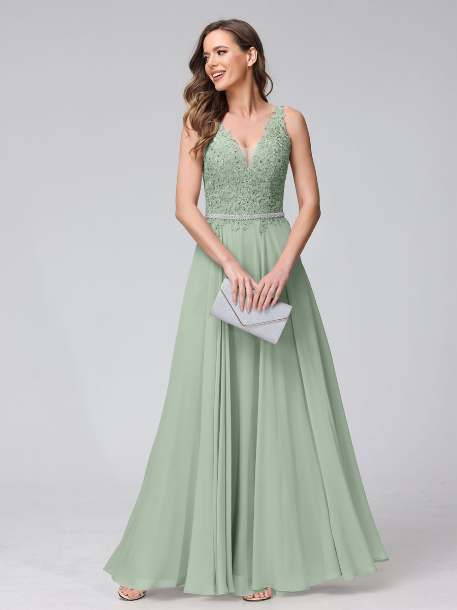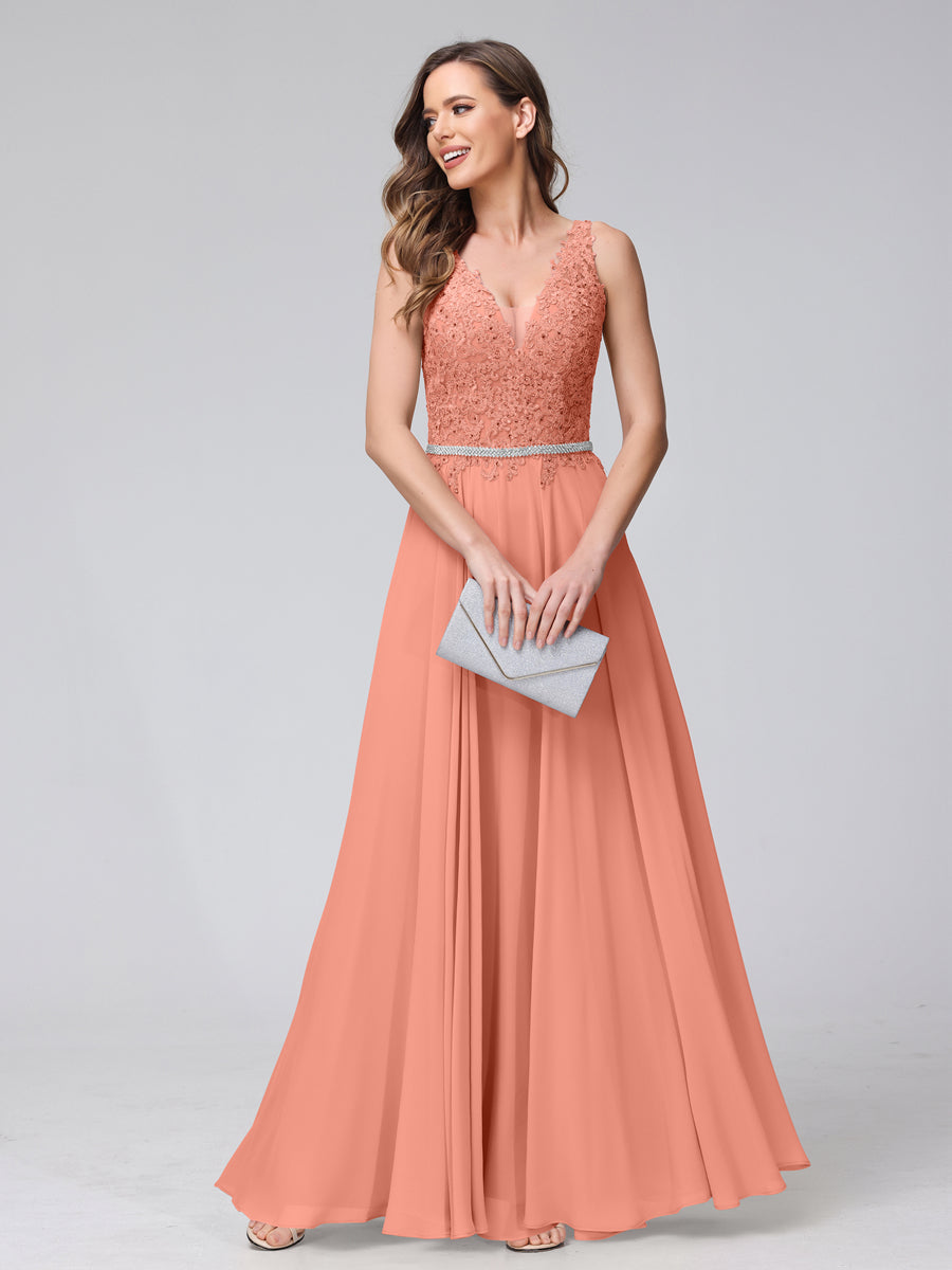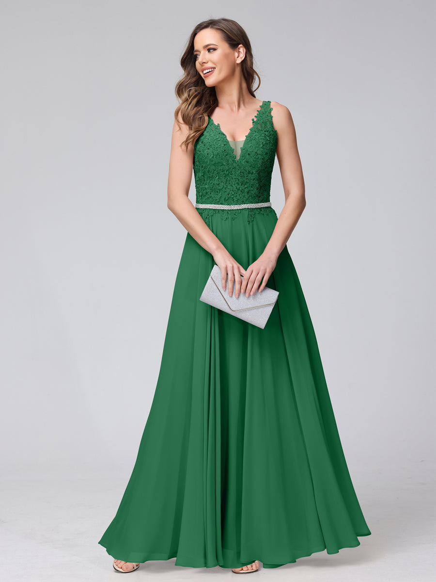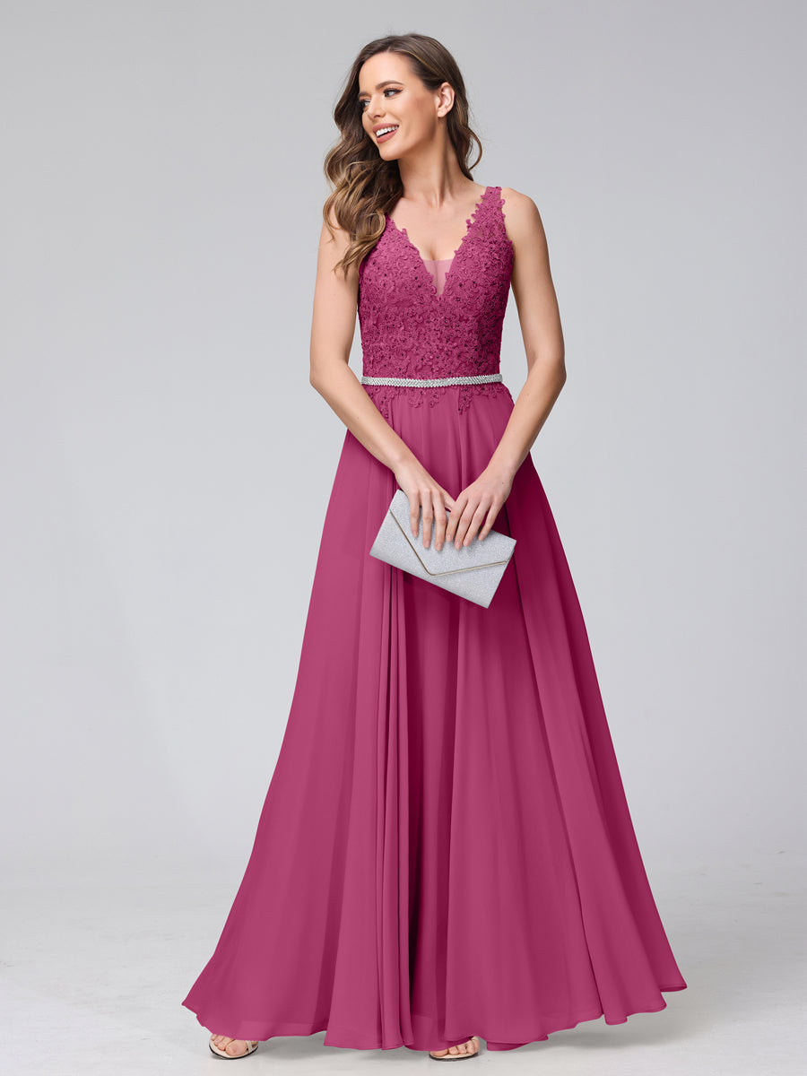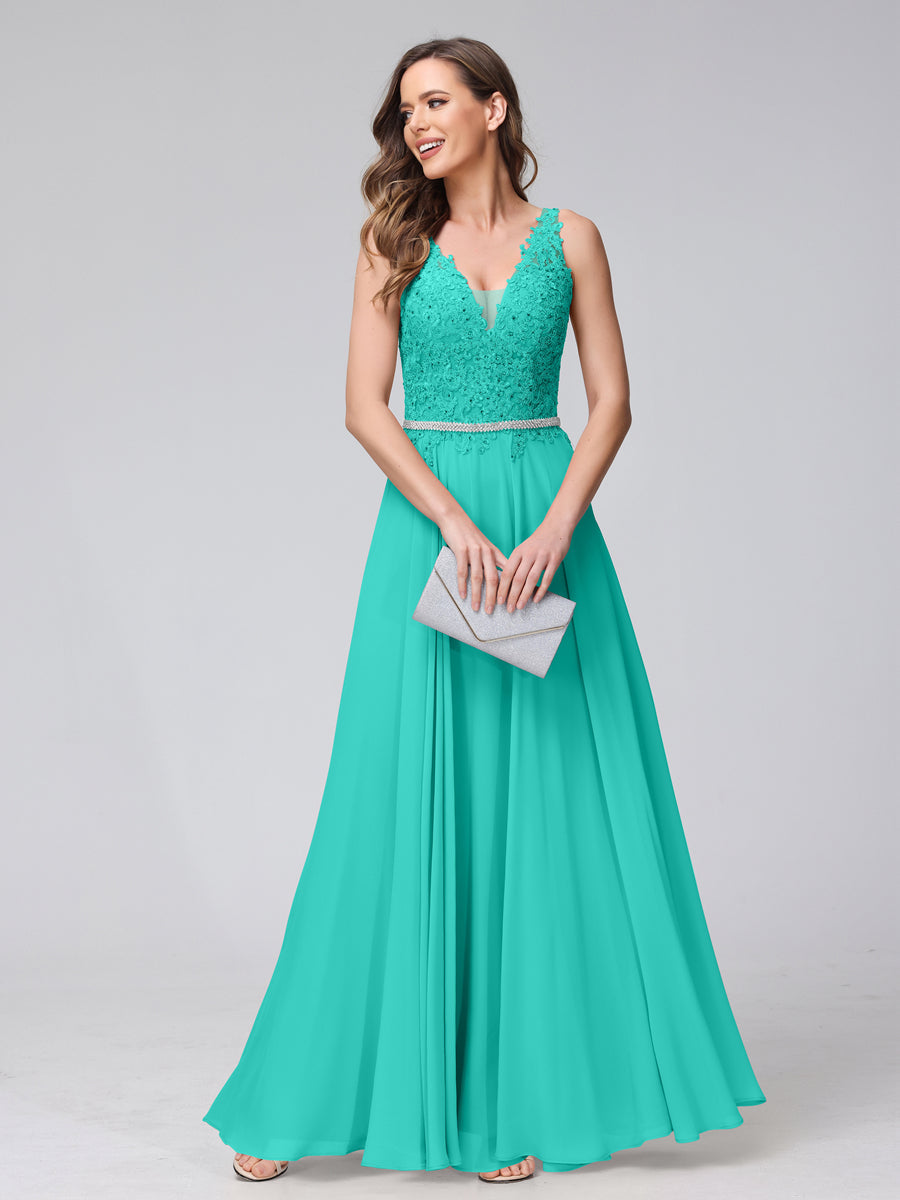 #Ruby 9816216 A-Line V-Neck Sleeveless Long Chiffon Dresses with Lace Appliques & Rhinestones
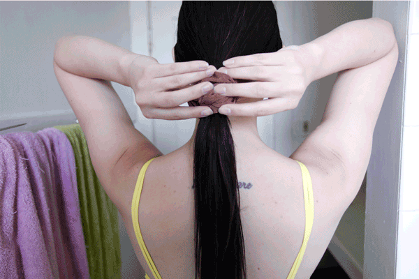 Si tu cabello es especialmente largo, puede tirar de la parte inferior como se muestra en la segunda foto. Este método es un poco más complicado y no hacerlo a menudo, pero es factible.
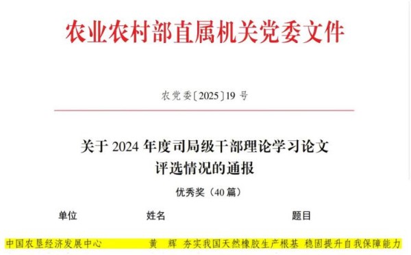黃輝同志獲得2024年度司局級干部理論學(xué)習(xí)論文優(yōu)秀獎。
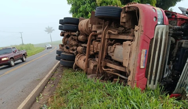 De acordo com informações apuradas no local, o motorista trafegava pela rodovia quando perdeu o controle do veículo ao passar pela curva. A carreta invadiu a pista contrária e acabou tombando às margens da estrada, parando em meio a uma plantação, próximo a uma árvore.
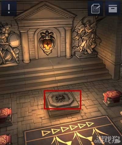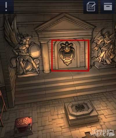 这时先来到左边的铁门位置,点击下面的开关将铁门打开。
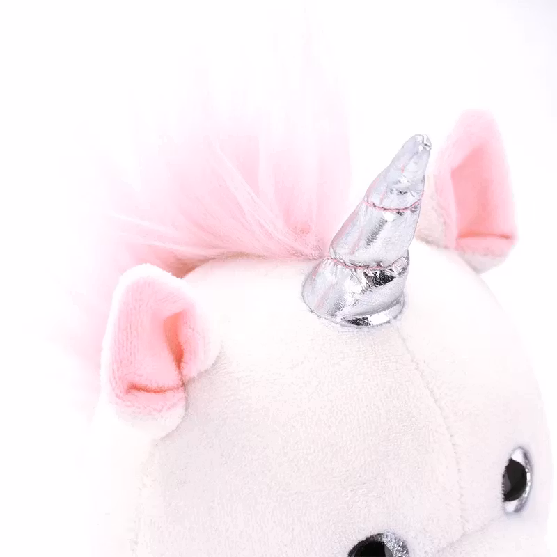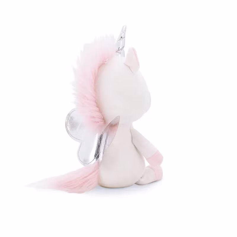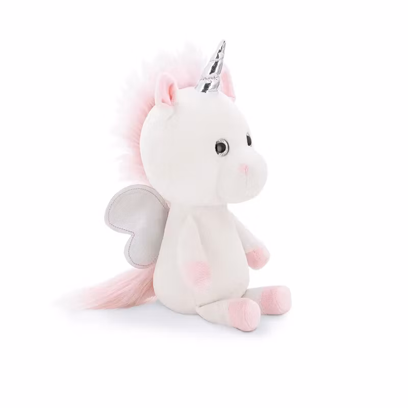 Ett bedårande litet mjukdjur med glittrande ögon som vill sprida glädje. Denna söta lilla enhörning är inte bara gosig utan också berikad med fler taktila material i de silverglänsande vingarna och hornet, samt den fluffiga manen och svansen.
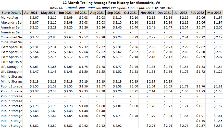 Throughout the past 12 months, all facilities in this market have consistently had higher rental rate per square foot averages for a ground floor, non-climated controlled 10 x 10 unit than the national average of $1.22 and a statewide average of $1.30 (see figure 1).
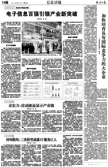 2011年中国软件业务收入百强企业名单揭晓,神州数码(中国)有限公司以持续强劲的发展势头与华为技术有限公司、中兴通讯股份有限公司分列前三位,这是神州数码继2009年、2010年后第3年位居行业前三位。
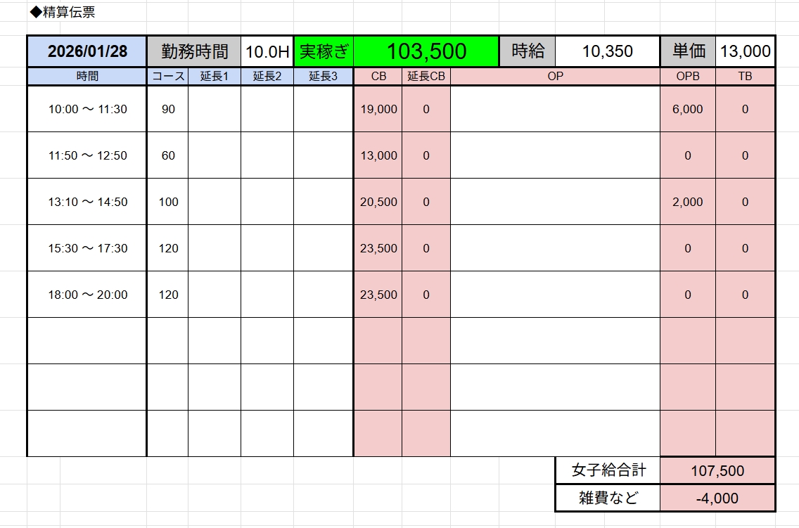 ↑在籍女性稼ぎ伝票✨
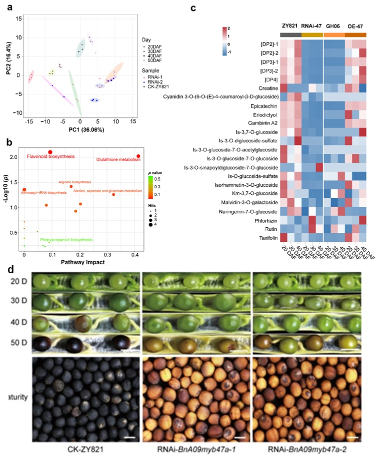 图2 BnA09MYB47a影响黄酮类化合物的积累
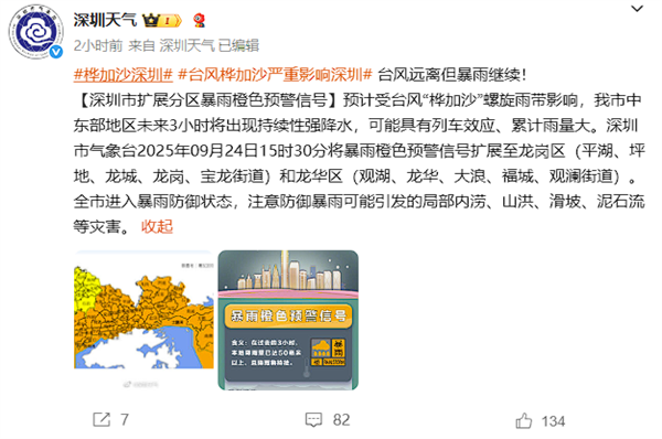 9月24日消息,据央视新闻报道,深圳市气象台24日14时25分发布:
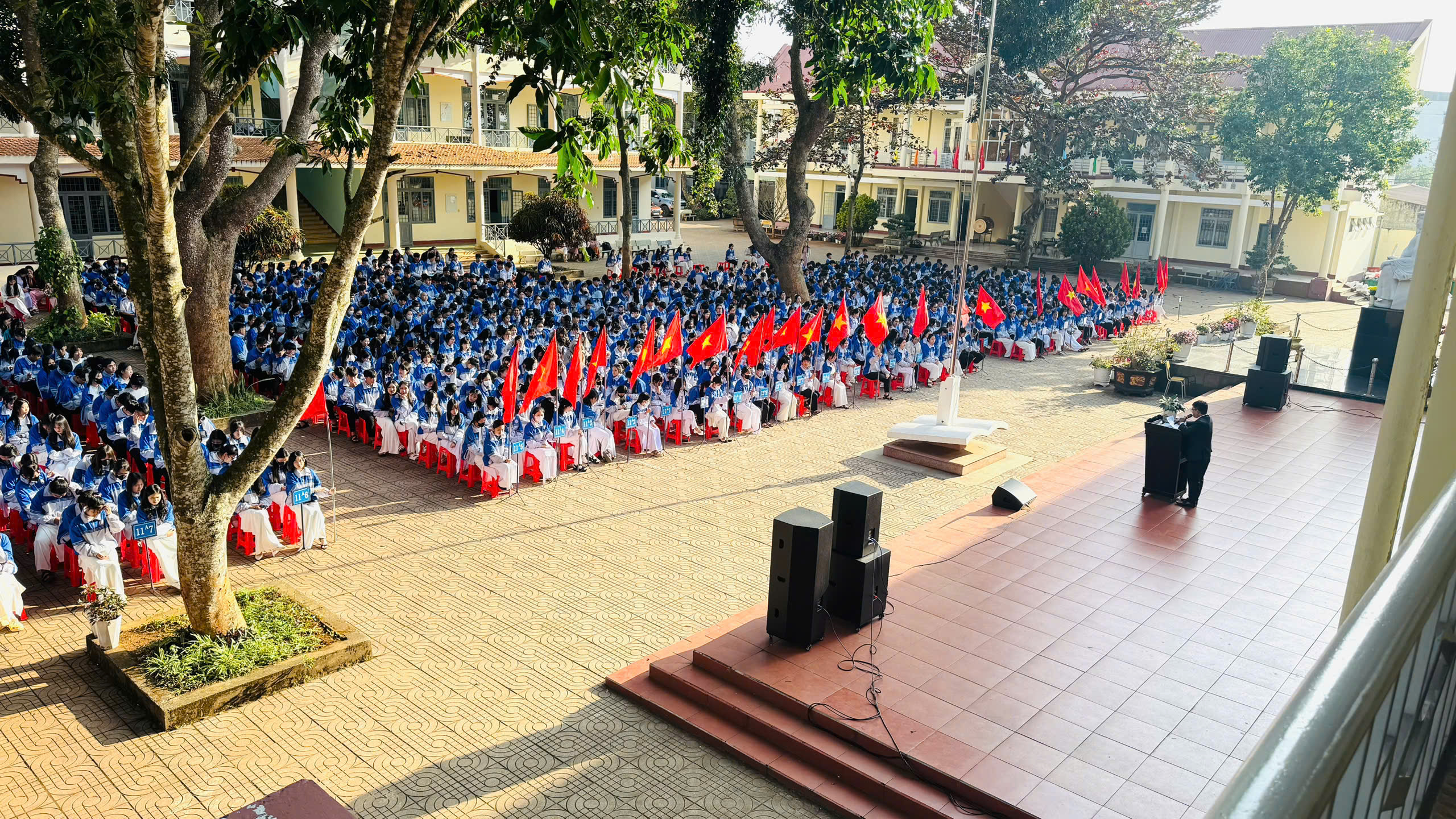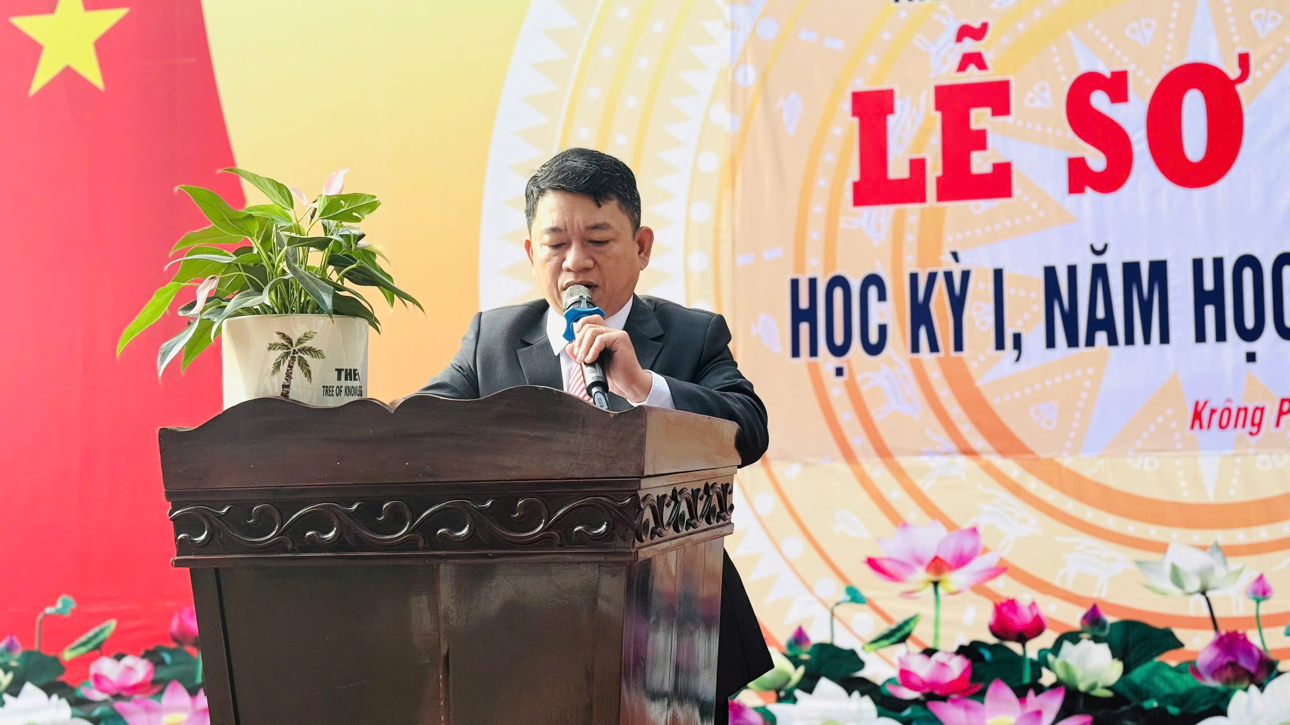 Tại buổi lễ, Thầy giáo Nguyễn Cao Cường – Phó Hiệu trưởng thay mặt Ban Giám hiệu nhà trường đã thông qua Báo cáo sơ kết học kỳ I năm học 2025 – 2026. Báo cáo đã tổng kết những kết quả nổi bật mà nhà trường đã đạt được trong học kỳ vừa qua. Thầy nhấn mạnh sự nỗ lực không ngừng của cả thầy và trò, đồng thời kêu gọi toàn thể học sinh tiếp tục phát huy tinh thần học tập trong học kỳ II.
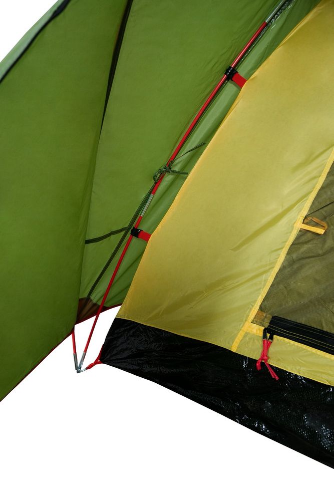 - Входы в палатку оснащены двухзамковыми молниями и удобными фиксаторами для открытых дверей.

════════

**Assignment:** Word for word, restate the lines from the one containing "Tại buổi lễ, Thầy" through the end of the listing, and nothing more. Skip the pictures.

**Answer section:**
 Tại buổi lễ, Thầy giáo Nguyễn Cao Cường – Phó Hiệu trưởng thay mặt Ban Giám hiệu nhà trường đã thông qua Báo cáo sơ kết học kỳ I năm học 2025 – 2026. Báo cáo đã tổng kết những kết quả nổi bật mà nhà trường đã đạt được trong học kỳ vừa qua. Thầy nhấn mạnh sự nỗ lực không ngừng của cả thầy và trò, đồng thời kêu gọi toàn thể học sinh tiếp tục phát huy tinh thần học tập trong học kỳ II.
 - Входы в палатку оснащены двухзамковыми молниями и удобными фиксаторами для открытых дверей.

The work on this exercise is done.